The balloons, which separated from the lander at 65km, first deployed a 35 m² parachute to decelerate the system to 8m/s [170]. Once at 55km, the 3.4m diameter balloon would be filled with Helium. Once the balloon was filled, the parachute and filling system would be released at 50km, and the balloon would increase its altitude again until it reached its cruising altitude of 54km [170]. The entire system had a mass of 123 kg at entry and 20kg in its final cruising configuration [170]. On board, it had a temperature and pressure sensor, vertical wind anemometer, light level photometer and a nephelometer for measuring the density and particle size of local aerosols [169,170]. Its battery pack would allow for a lifetime of 46 hours. The data collected would be transmitted directly back to earth [170].

The VeGa landers would mark the end of the Soviet planetary missions to Venus. The Soviets launched, over a 24-year period, 29 missions towards to planet, of which fifteen successfully delivered three entry probes, ten landers, two balloons and four orbiters to Venus [170].

DAVINCI+ is a proposed mission of NASA to study the atmosphere and surface of Venus by descending a probe into the planet’s thick atmosphere. In the past, atmospheric probes and landers have been flown by both the United States (Pioneer program) and more extensively by the Soviet Union (Venera and VeGa programs). Although more recent probes have been studying Venus from orbit, DAVINCI+ will be the first probe to enter Venus’ atmosphere since VeGa did in June 1985. 

DAVINCI+ was a revival of an earlier, similar project proposal with the name DAVINCI, which had a similar mission profile and design. The design of the DAVINCI+ probe has likely not yet been frozen, however early renders indicate that the probe will use two parachutes, featuring a disc-gap-band, to slow down the capsule during its hour-long descent. [42, 43]

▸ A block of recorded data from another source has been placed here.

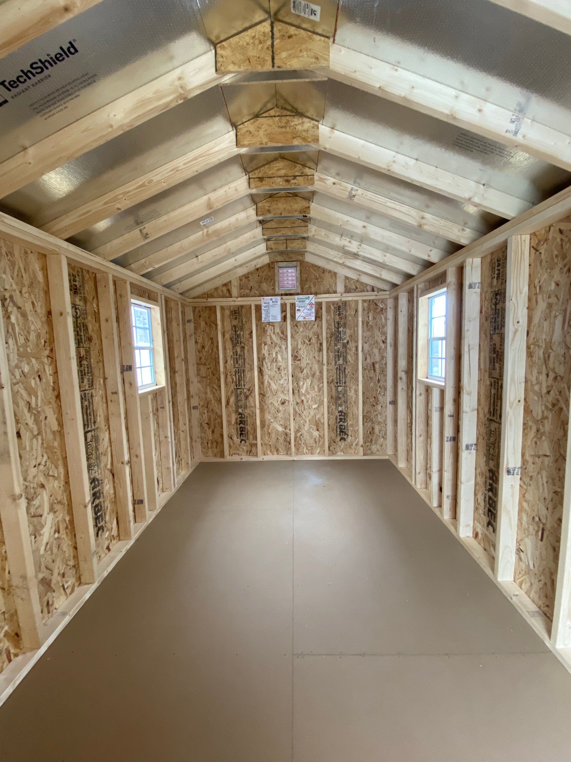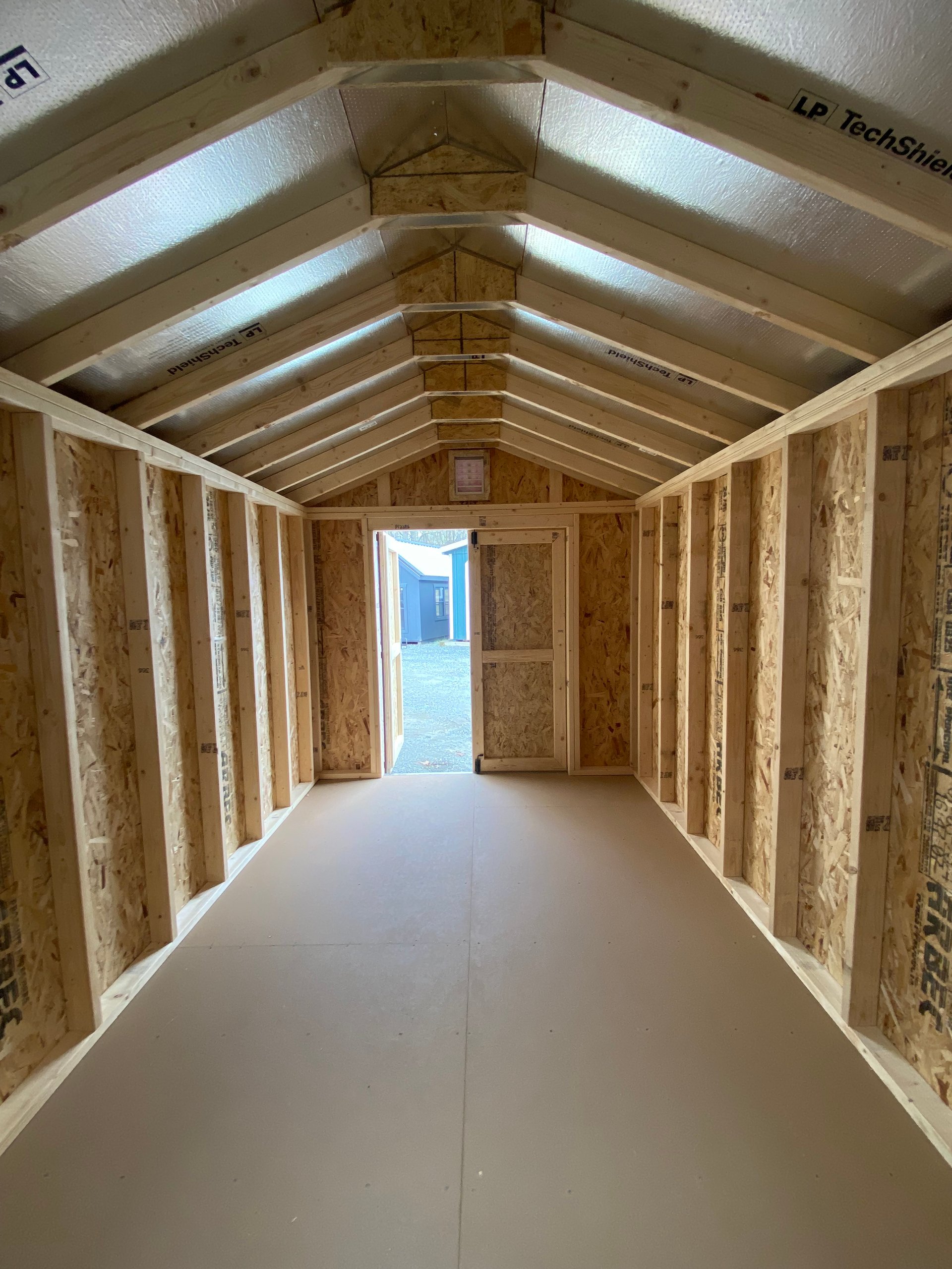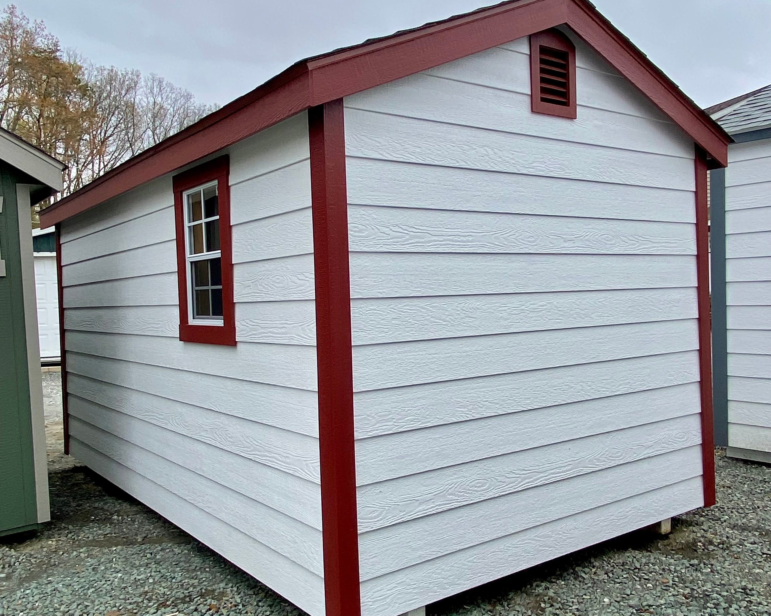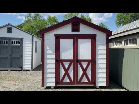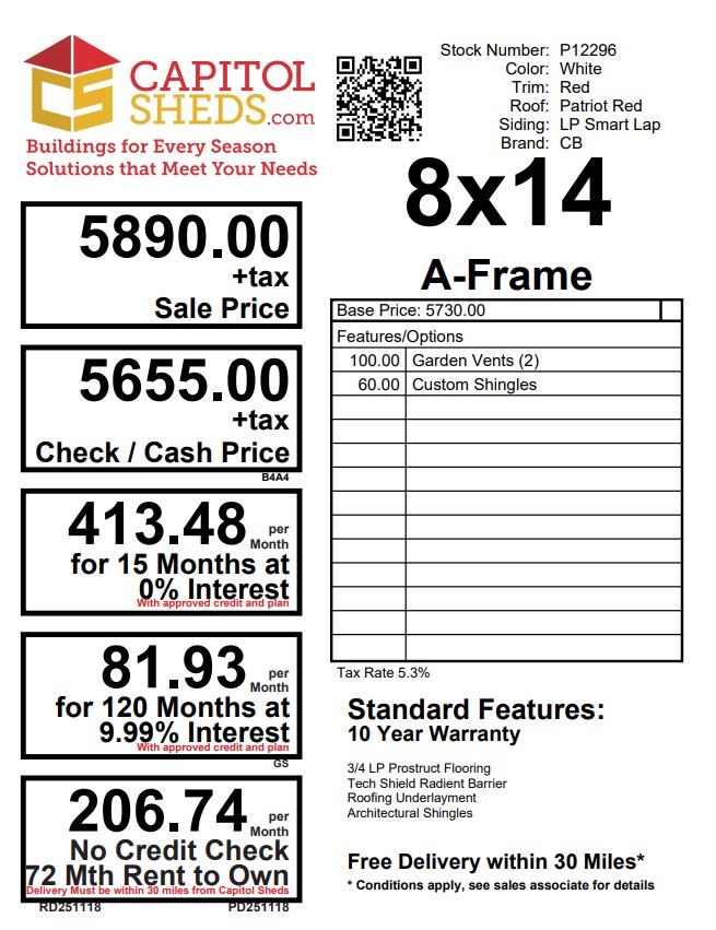 Elevate your outdoor space with this charming 8×14 A-Frame shed, crafted with durable LP Smart Lap siding in crisp White and accented by bold Red trim. The striking Patriot Red shingle roof adds character while providing protection against the elements. Built with robust 2×4 wall and roof framing, LP Tech Shield sheeting, and LP Prostruct flooring, this shed is designed for lasting strength and durability. With two windows for natural light and two doors for easy access, it’s perfect for storing tools, gardening supplies, or creating a cozy workspace. Upgraded with custom shingles and garden vents, this shed combines functionality and style.
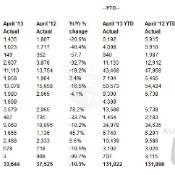 Audi today reported April 2013 sales of 13,157 vehicles, a 14.2% increase over ...
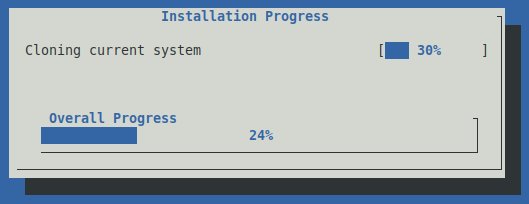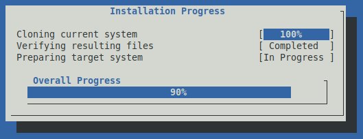 Maintenant il faut être patient pendant que le système est installé sur le lecteur du mini PC. Au moins, il y a une indication du progrès réalisé en temps réel.
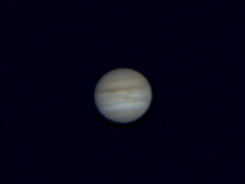 Zwei unterschiedliche Hälften, dunkel im Norden, hell im Süden, das gewohnte Bild bei Jupiter. Zum Schluss noch ein Blick zu dem schönen, schon tief stehenden Trio Jupiter - Antares - Mond:
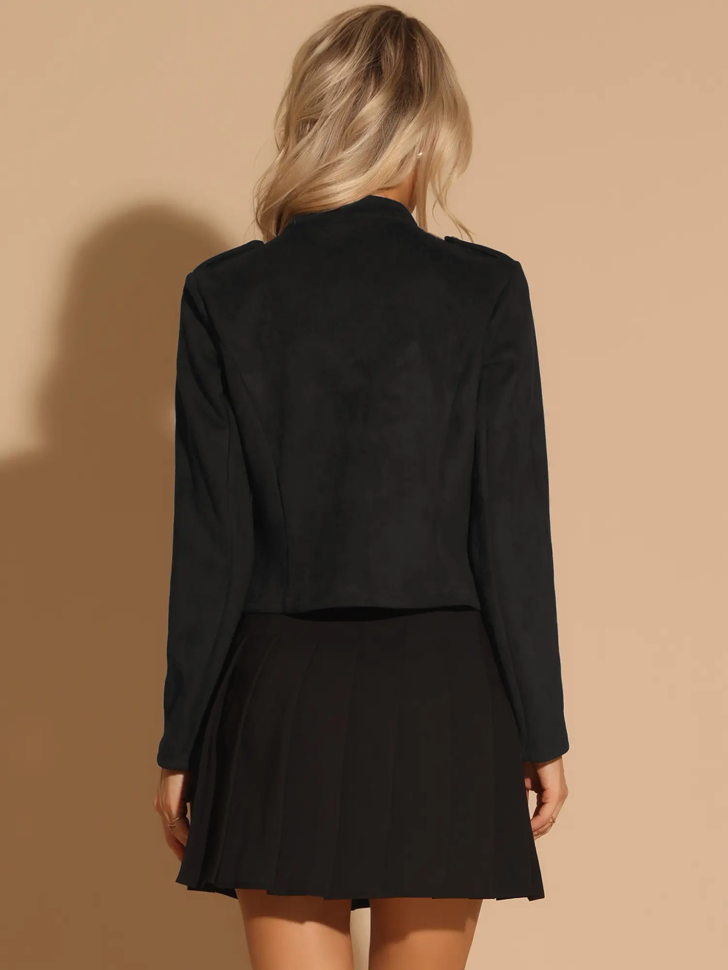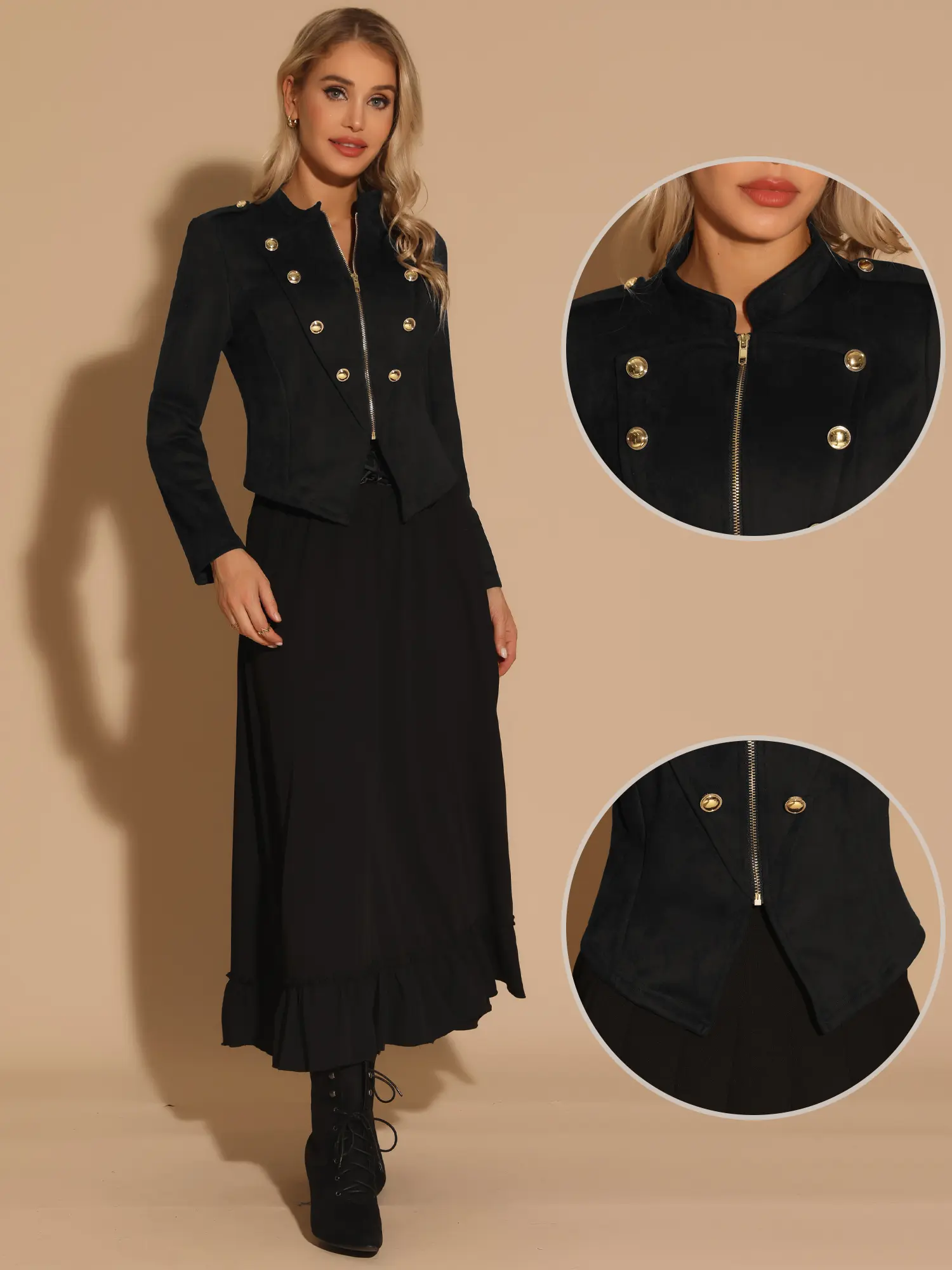 Simple and delicate, this jacket features double-breasted button decor, zipper up front design, solid black color, and a stand collar.
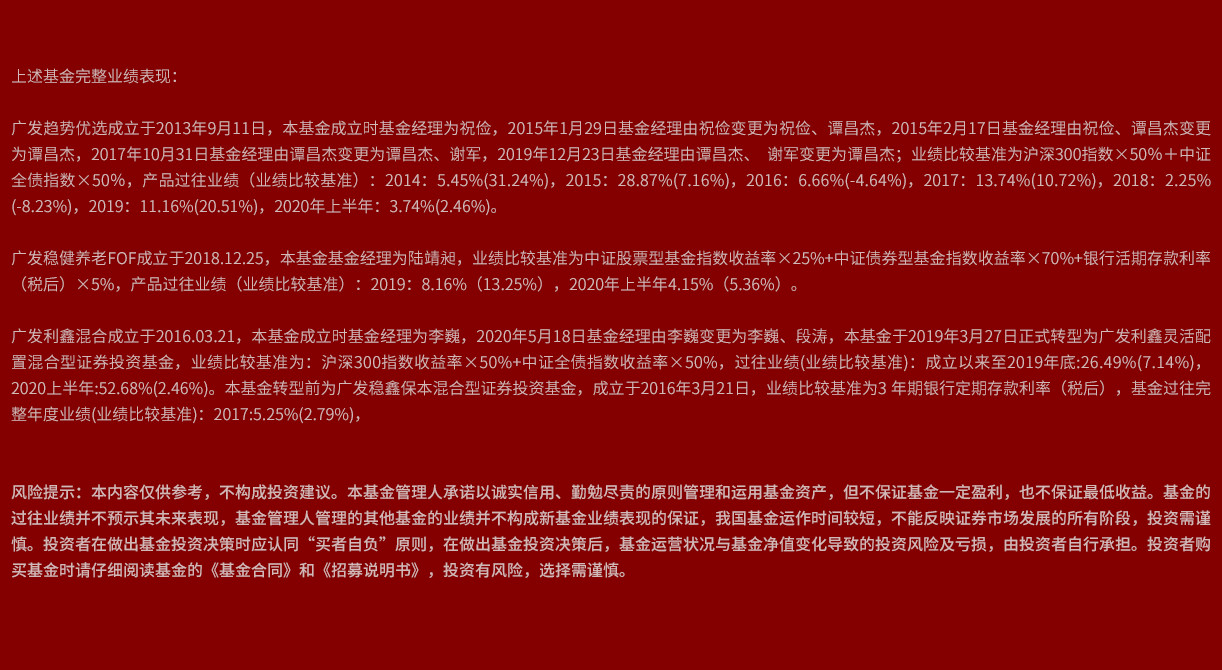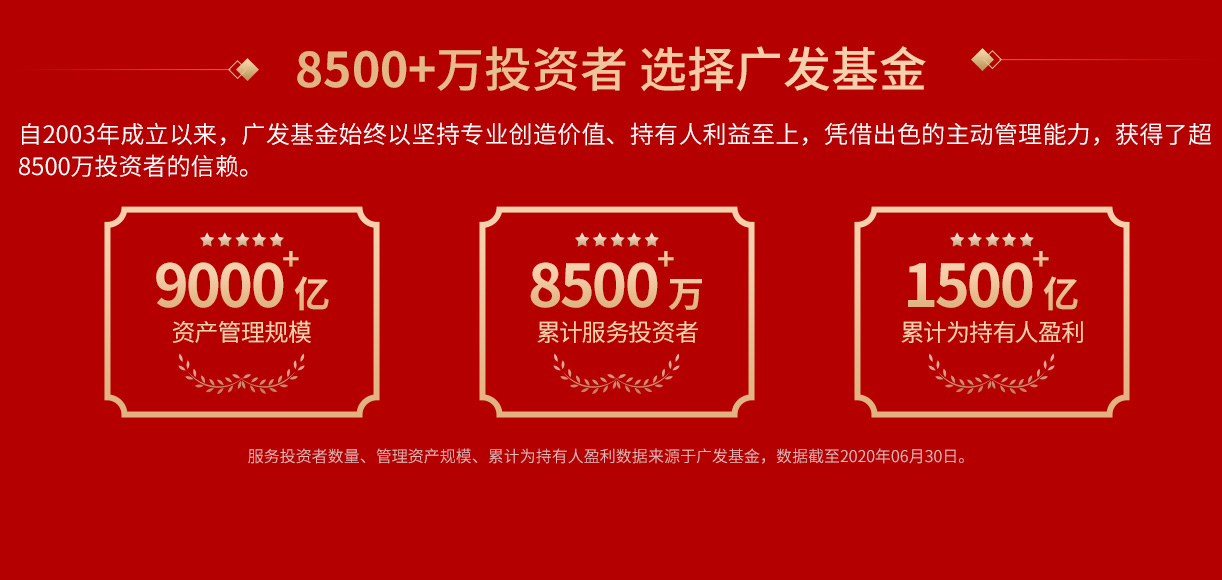 风险提示:银河证券数据中心,截至--.--.--。广发高端制造股票成立于2017.09.01,广发新经济成立于2013.02.06,广发利鑫混合成立于2016.03.21,广发稳健增长混合成立于2004.07.26。广发稳健增长评级数据来源于银河证券,获银河证券三年期、五年期双五星评级,截至2020年6月30日,持有人数量来源于基金定期报告。基金过往业绩不预示未来表现,投资有风险,选择需谨慎。
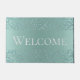 Pale Blue Green Music Notes Welcome Mat Doormat. A scrolling floral pattern of musical notes and clefs in silver aqua on a light blue green grey gradient. Elegant, music themed decor, ready to mix and match for your home, studio or special event. Change the text to anything you want, or leave it as is, a simple welcome. If you change it to more than a word or two, you may need to click the customise button and make the text smaller to fit. It's easy to do. A wonderful housewarming gift for your favourite musician or music lover.
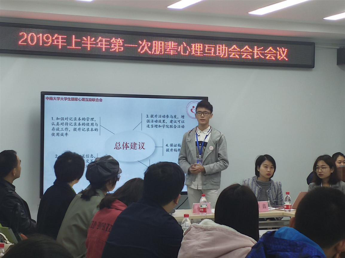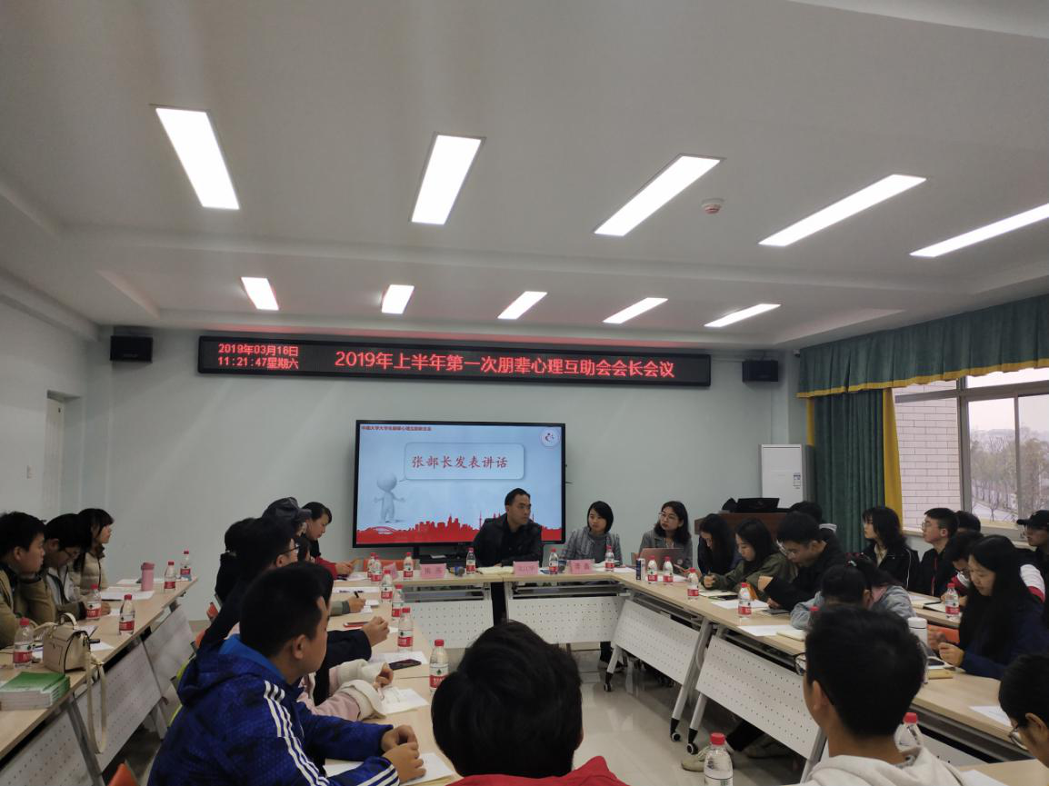 为总结检视上学期各学院朋辈心理互助工作并为新学期心理互助工作谋篇布局,中南大学朋辈心理互助联合会(以下简称“校心联”)会长会议于3月16日上午9:30在新校区毓秀楼举行。中南大学学工部张江华副部长、大学生心理健康教育中心熊燕老师、姜美霞老师,校心联指导老师谭鑫老师以及各学院心助会会长参与了此次会议。

RocketLab plans to launch a privately funded mission to Venus using its Electron launch

vehicle. They are aiming to launch during the 2023 Venus launch window. The mission will use the company’s high energy Photon as a cruise stage and communications relay to bring the atmospheric probe to Venus upon which it will release the probe on a direct entry trajectory. The roughly 20kg probe will not have a parachute or any other deployable of decelerator and will feature an integrated, non-detachable heat shield. The probe will enter through the atmosphere and will take measurements of the cloud layer to determine if it contains substances that are indicative of biological life. Once the probe has passed through the cloud layer it will begin to relay its findings back to the spacecraft in orbit. Due to the lack of any form of method to decelerate the vehicle will impact the surface ballistically and be destroyed. The aim of this mission is to search for signs of life on Venus but also to demonstrate the feasibility of conducting planetary science with small spacecraft.